There are $n-1$ consecutive integers such that it is possible to divide them into two disjoint sets $A$ and $B$ such that the product of numbers in $A$ is congruent to product of numbers in $B$ modulo $n$.
We have to verify the above statement for $n=13$ and $n=19$.
For $n=13$ I have proved such sets exists.
$A = \{1,2,3,4,5,6\}$ and $B = \{7,8,9,10,11,12\}$
Then we have the required condition.
I think for $n=19$ it is not true.
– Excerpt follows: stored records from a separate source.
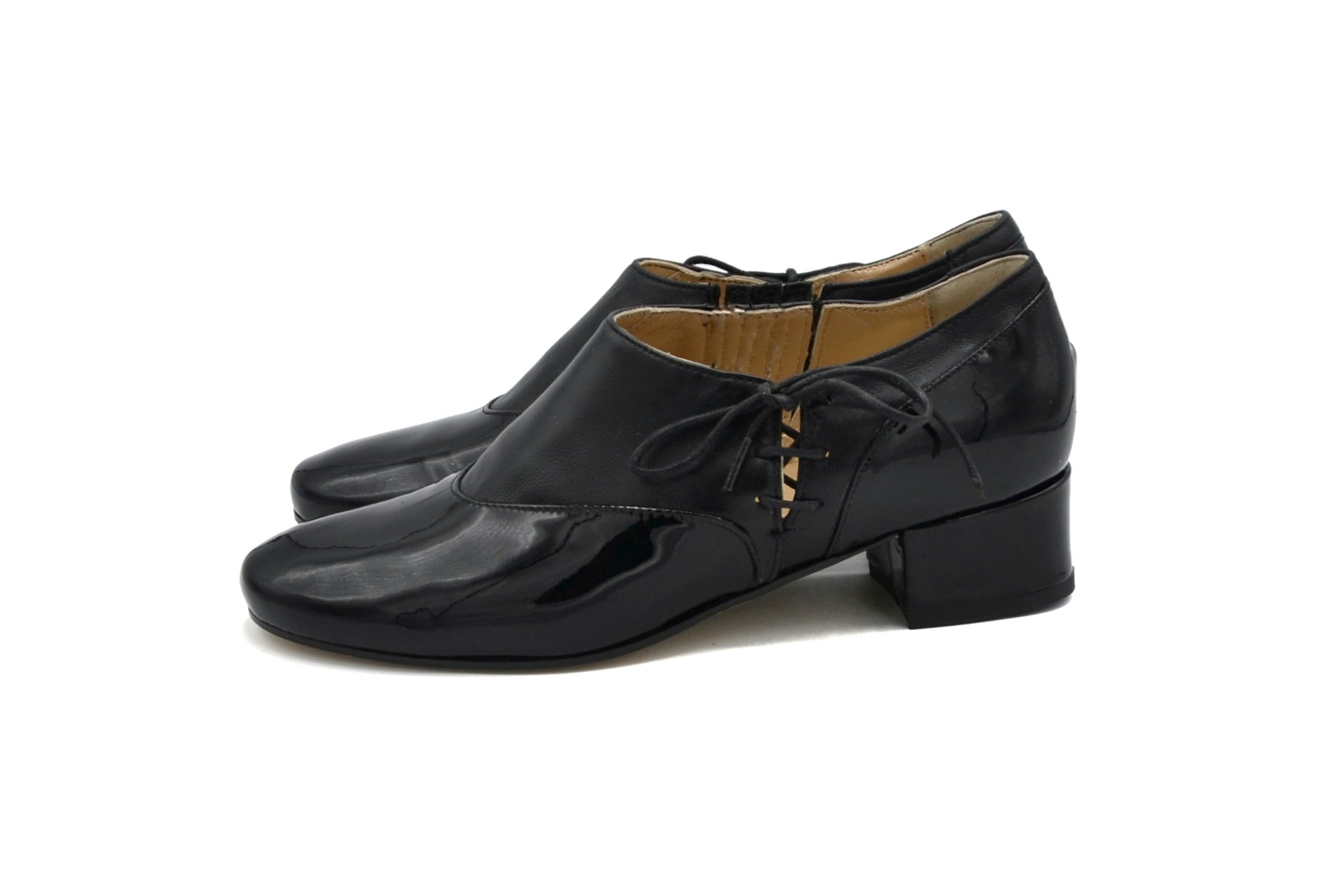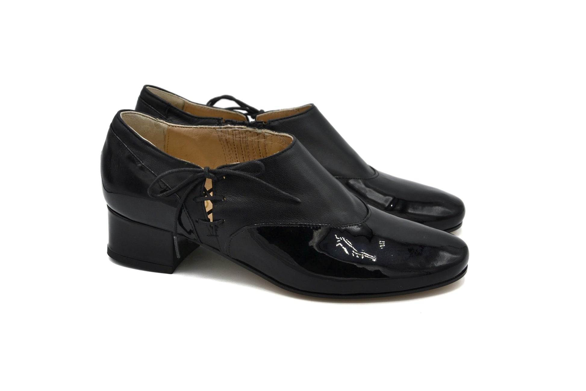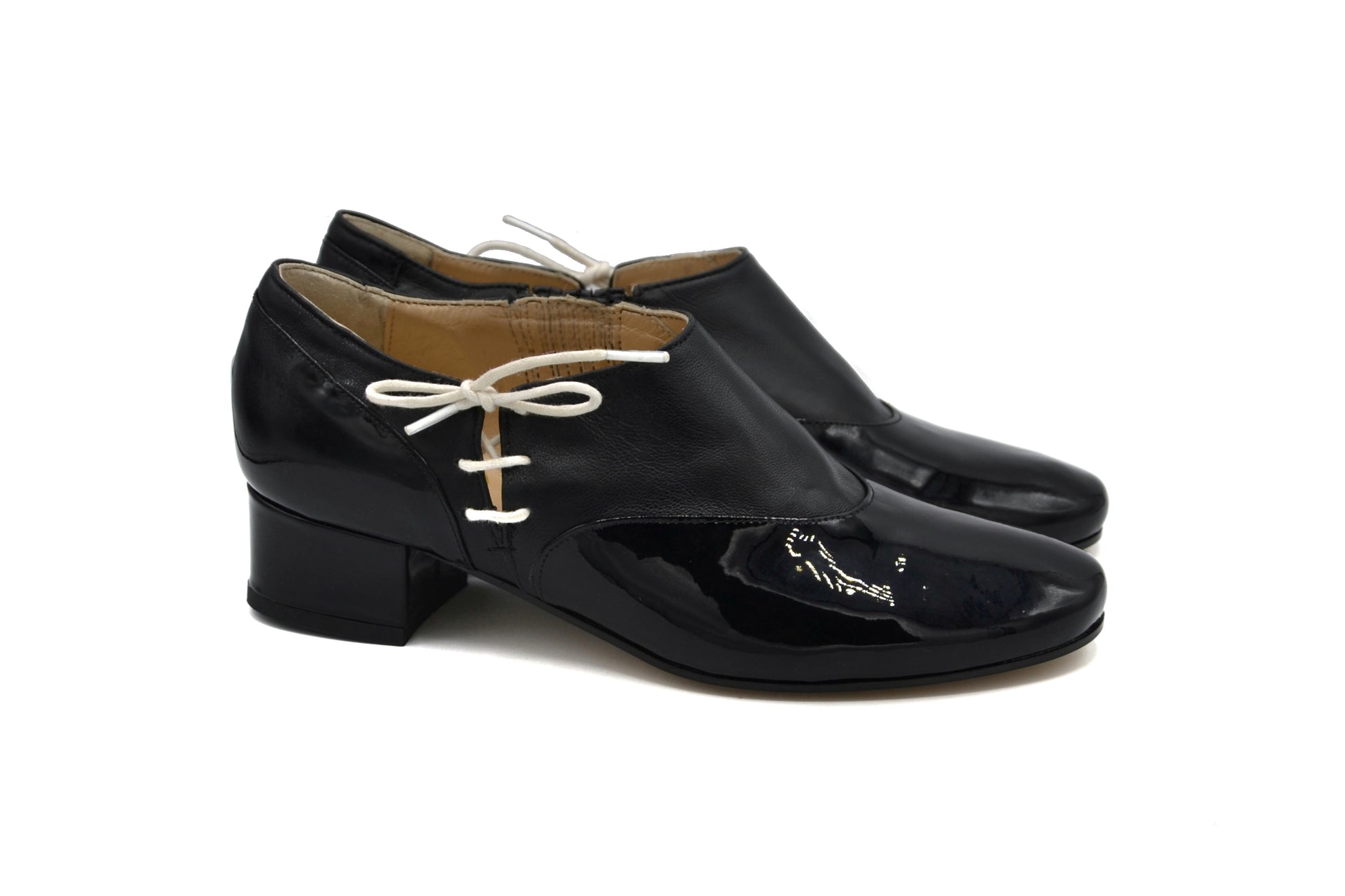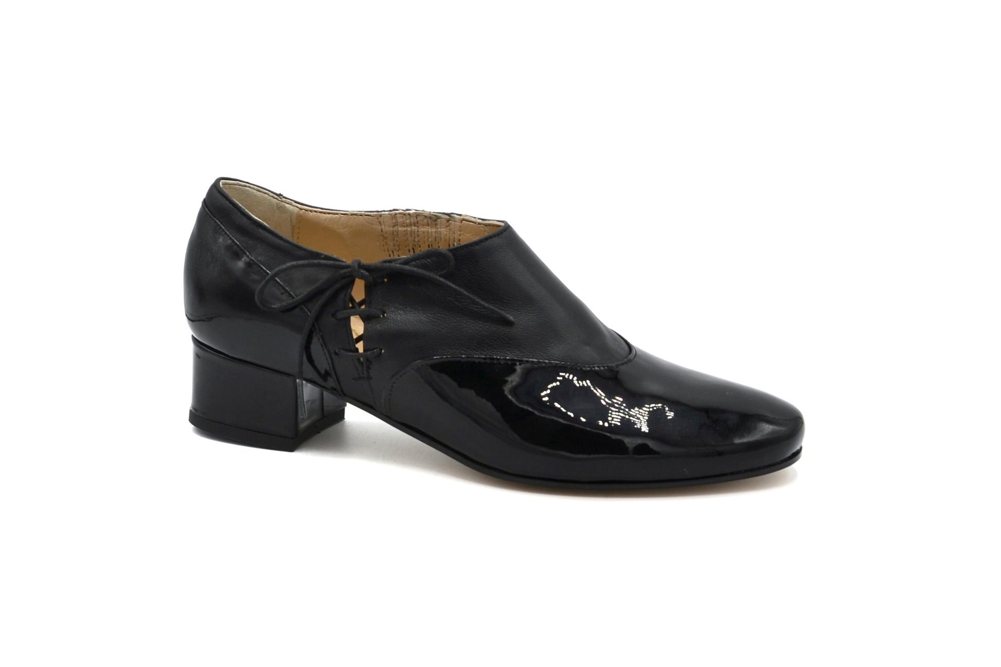 Il modello Matilda con allacciatura laterale realizzate pelle e pelle in vernice.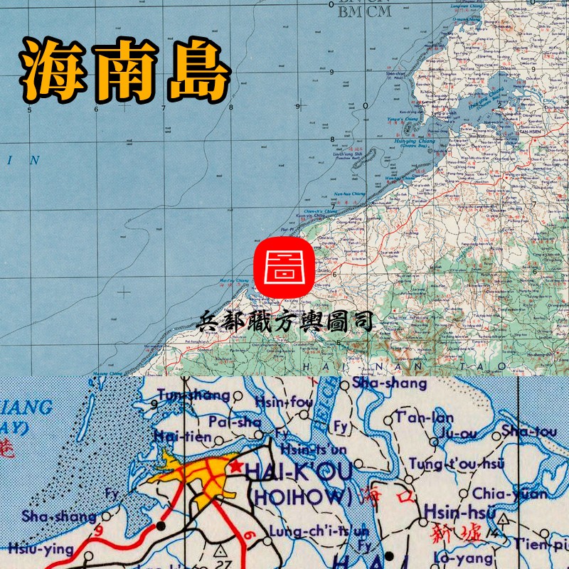 【舆图司】美绘海南岛局部地理地形交通高清图5张(1956)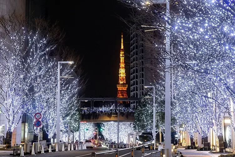 멀리 도쿄타워까지 이어지는 조명 라인이 특징이어서 매년 많은 여행객들이 방문하고 있어요. 도쿄 타워가 보이는 방향에서 촬영하면 가장 '도쿄스러운' 겨울 사진을 남길 수 있어요.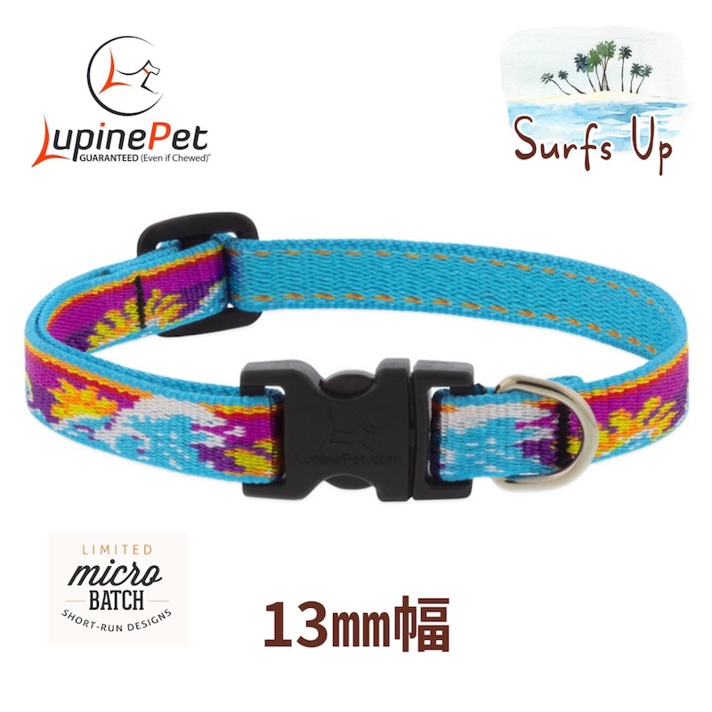 - サーフィン柄 小型犬向けワンタッチ首輪 13mm幅 XSサイズ 15-22cm LUPINE アメリカ製 軽量 丈夫 ルパイン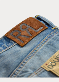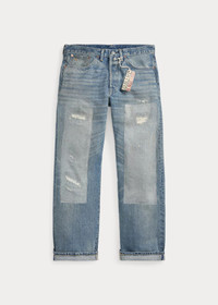 Relaxed-fitting jeans made in America from 13.75 oz. Japanese selvedge denim. Yarn-dyed with indigo. Repaired with left-hand twill from Japan. Button fly. Sanforized® to reduce shrinkage. DETAILS - Vintage 5-Pocket Fit: the most relaxed silhouette, with the longest rise and a straight leg. - Size 32W has a 10.25" rise and an 18.25" leg opening. - Hand-set, chain-stitched waistband with inserted belt loops for added durability. Button fly with our signature buttoned closure ensures a consistent fit through years of wear. - American-made buttons, copper-tone rivets, and washer burrs. Five-pocket styling. “RRL” embroidery at the selvedge coin pocket. Cotton twill pocket lining. - Roughout suede “RRL”-debossed logo label at the back left waist. - 100% cotton. - Machine washable. For best results, wear 90 days without washing. - Made in USA of imported components. - Dyed with indigo, which may rub off onto fabrics, leather, and upholstery. - Style Number: 100056587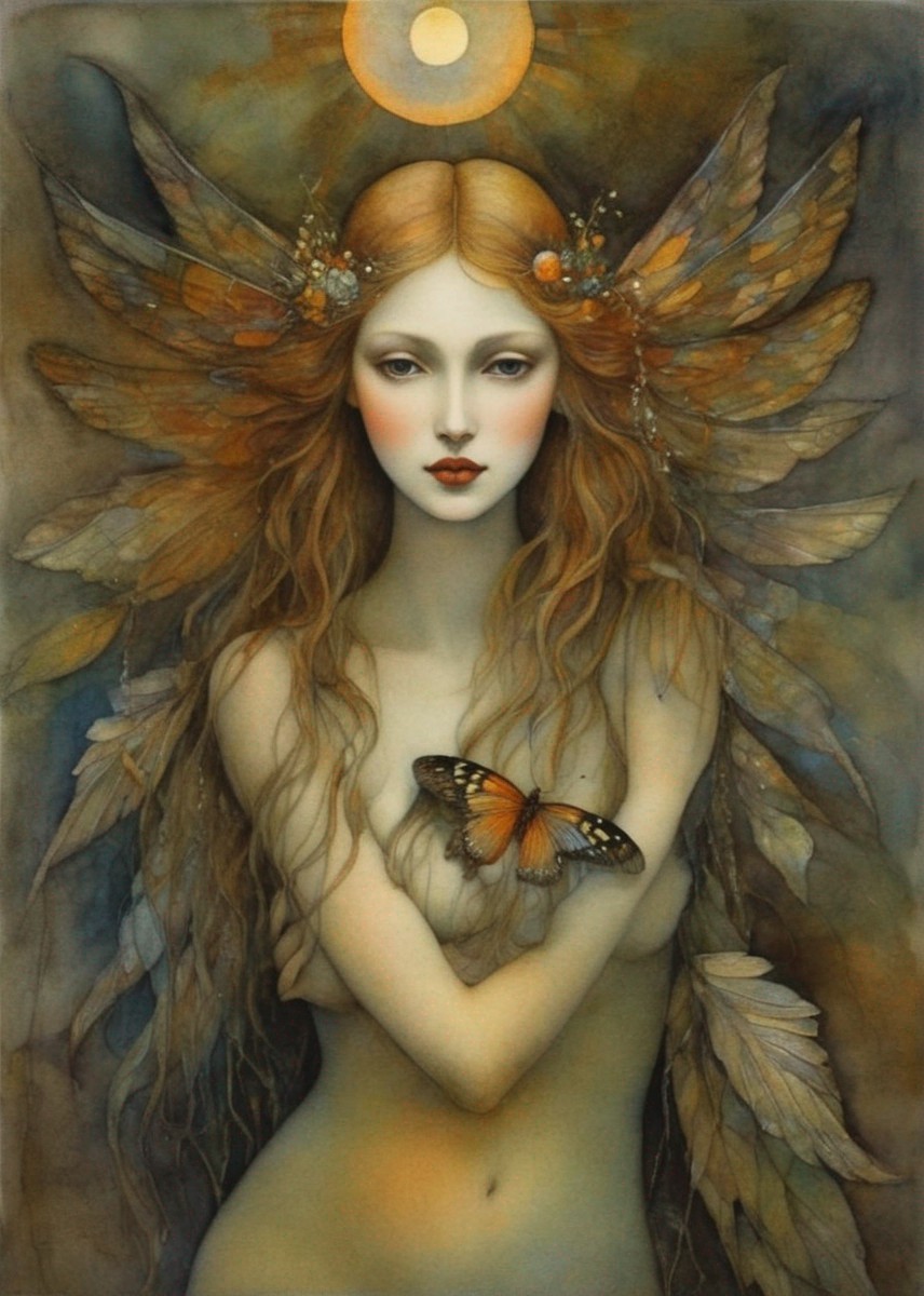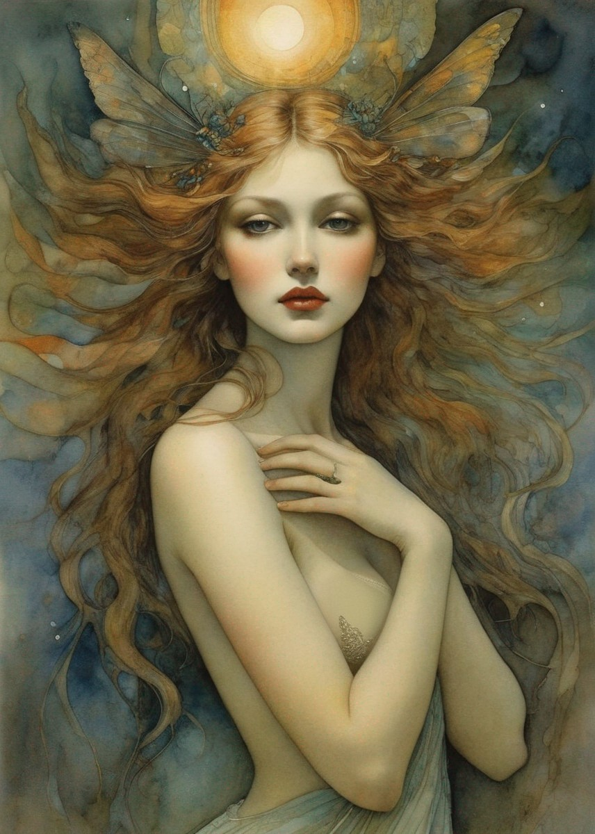 A portrait of a woman with flowing red hair, fair skin, a golden halo, and a mosaic background, evoking a Pre-Raphaelite or classical style.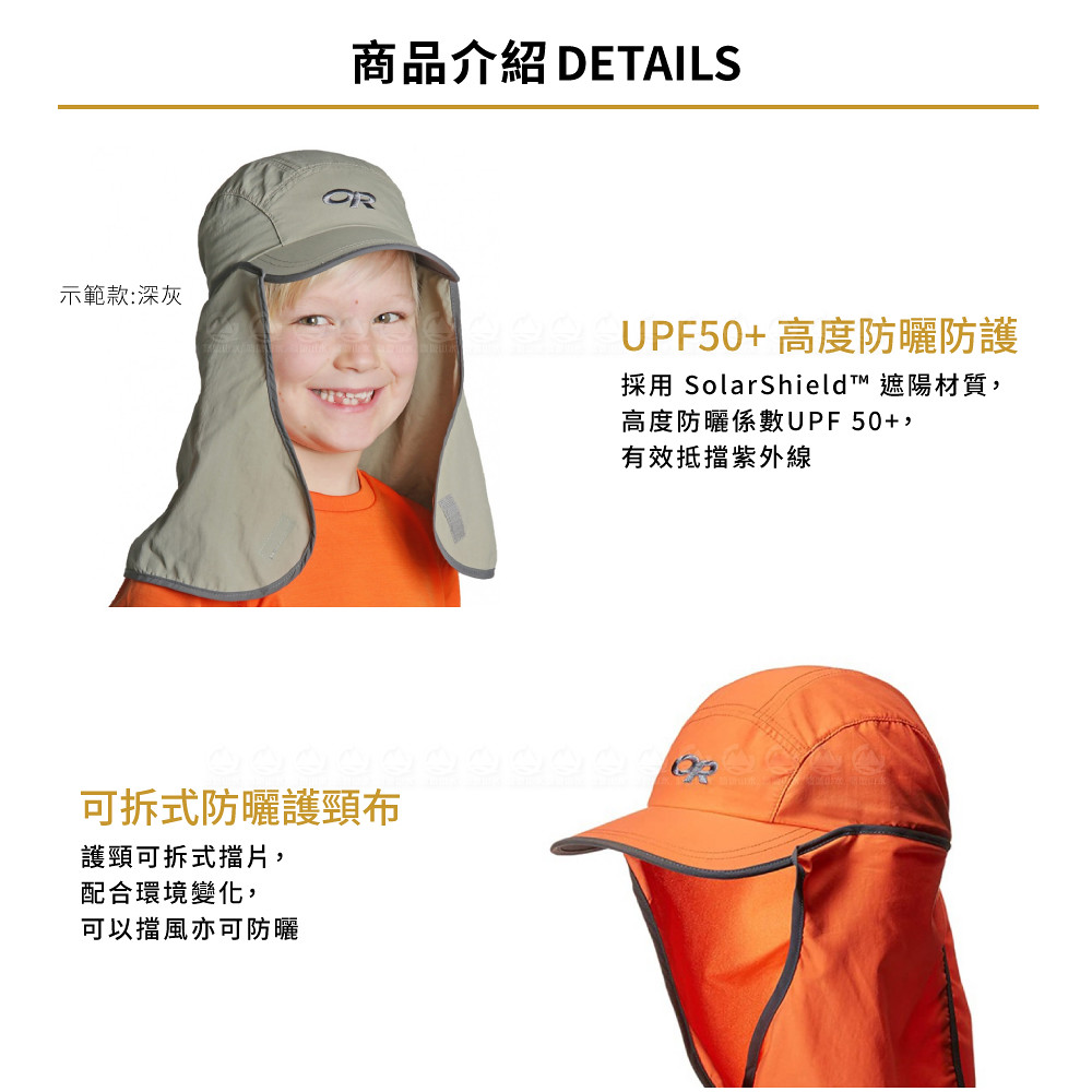 【Outdoor Research 美國 兒童款 抗UV透氣護頸《橘》】243434/防曬後遮/棒球帽/遮陽帽

How to disprove that?
Please help.
Assume $x$ is product of all numbers in $A$ and $y$ is product of all numbers in $B$.
We want $x \equiv y \pmod {19}$. As $19$ is prime, it's equivalent to $x y^{-1} \equiv 1 \pmod {19}$. Which is equivalent to $(xy)y^{-2} \equiv 1 \pmod {19}$. But $xy$ is just $18!$. By Wilson theorem, $18! \equiv (-1) \pmod {19}$. So, we have $y^2 \equiv -1 \pmod{19}$.
But by Euler's criterion, $-1$ is quadratic residue modulo $19$ iff $(-1)^{\frac{19 - 1}{2}} = (-1)^9$ is equal to $1$. As this is not true, there is no $y$ s.t. $y^2 \equiv -1 \pmod{19}$, and so no such $A$ and $B$.